Сравнение нуклеотидной последовательности участка гена tefla с указанием расположения прямых и обратных праймеров для видов F роае. F sporotrichioides, F langsethiae и общего для трех видов зонда (А) и обратного праймера для вида F. sporotrichioides (Б)
В кодах выравниваемых последовательностей Fp обозначает F. роае, FI - F. langsethiae, Fsp - F. sporotrichioides Локусы, гомологичные праймерам и зондам, были соотнесены со структурой гена tefla. На основании этого было показано, что прямые праимеры для видов F. graminearum, F culmorum, F tricinctum, F avenaceum гомологичны к участку интрона 2, обратные праимеры для этих видов -экзона 4, а зонды гомологичны области экзона 3. Прямые праимеры для видов F. роае, F. sporotrichioides, F. langsethiae локализованы на участках интрона 1, а обратные праймеры и зонд гомологичны к областям интрона 2 гена tefla (рис. 13). Таким образом, большая часть олигонуклеотидов была подобрана к нуклеотидным последовательностям интронов.
Схематическое изображение гена tefla грибов рода Fusarium с указанием локализации праймеров и зондов, сконструированных для идентификации исследуемых видов
Для того чтобы оценить эффективность подобранных праймеров их тестировали с изолятами того вида, к которому они были подобраны, затем проверяли специфичность праймеров, тестируя их на изолятах шести других видов рода Fusarium. Для проведения ГЩР использовали универсальную программу с температурами отжига 64С/67С/70С: (93С - 90 сек) - 1 цикл; (93С - 20 сек, 64С/67С/70С - 10 сек) - 5 циклов; (93С - 1 сек, 64оС/67С/70С - 10 сек) - 40 циклов. Праймеры, дававшие перекрестную реакцию с ДНК изолятов других видов выбраковывались.

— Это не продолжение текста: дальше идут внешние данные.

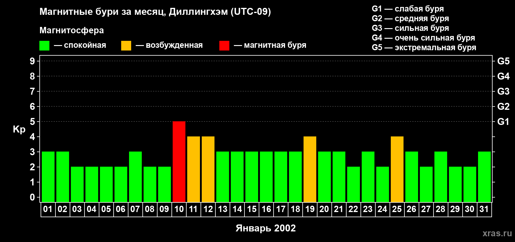 Изменения максимального суточного геомагнитного индекса Kp в январе 2002 года для средних широт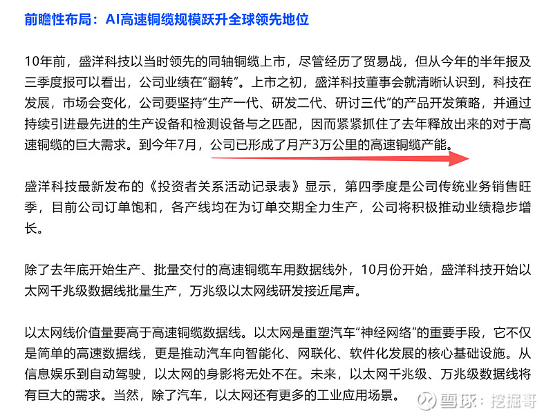 2、 AI高速铜缆供不应求,盛洋科技前瞻布局,目前已形成月产3万公里产能,规模跃升全球领先地位。

При проведении ПЦР с праймерами fGtefF и fGtefR для вида F. graminearum, наряду с образованием ПЦР-фрагментов с ДНК изолятов вида F. graminearum длиной около 350 п.н., наблюдалась перекрестная реакция с ДНК изолята 46504 вида F. culmorum с образованием ампликона той же длины (данные не приводятся). При тестировании комбинации праймеров fGtefF и GRMtR2 с ДНК изолятов вида F. graminearum были получены фрагменты ожидаемой длины (рис. 14), а с изолятами остальных шести видов перекрестной реакции не наблюдалось.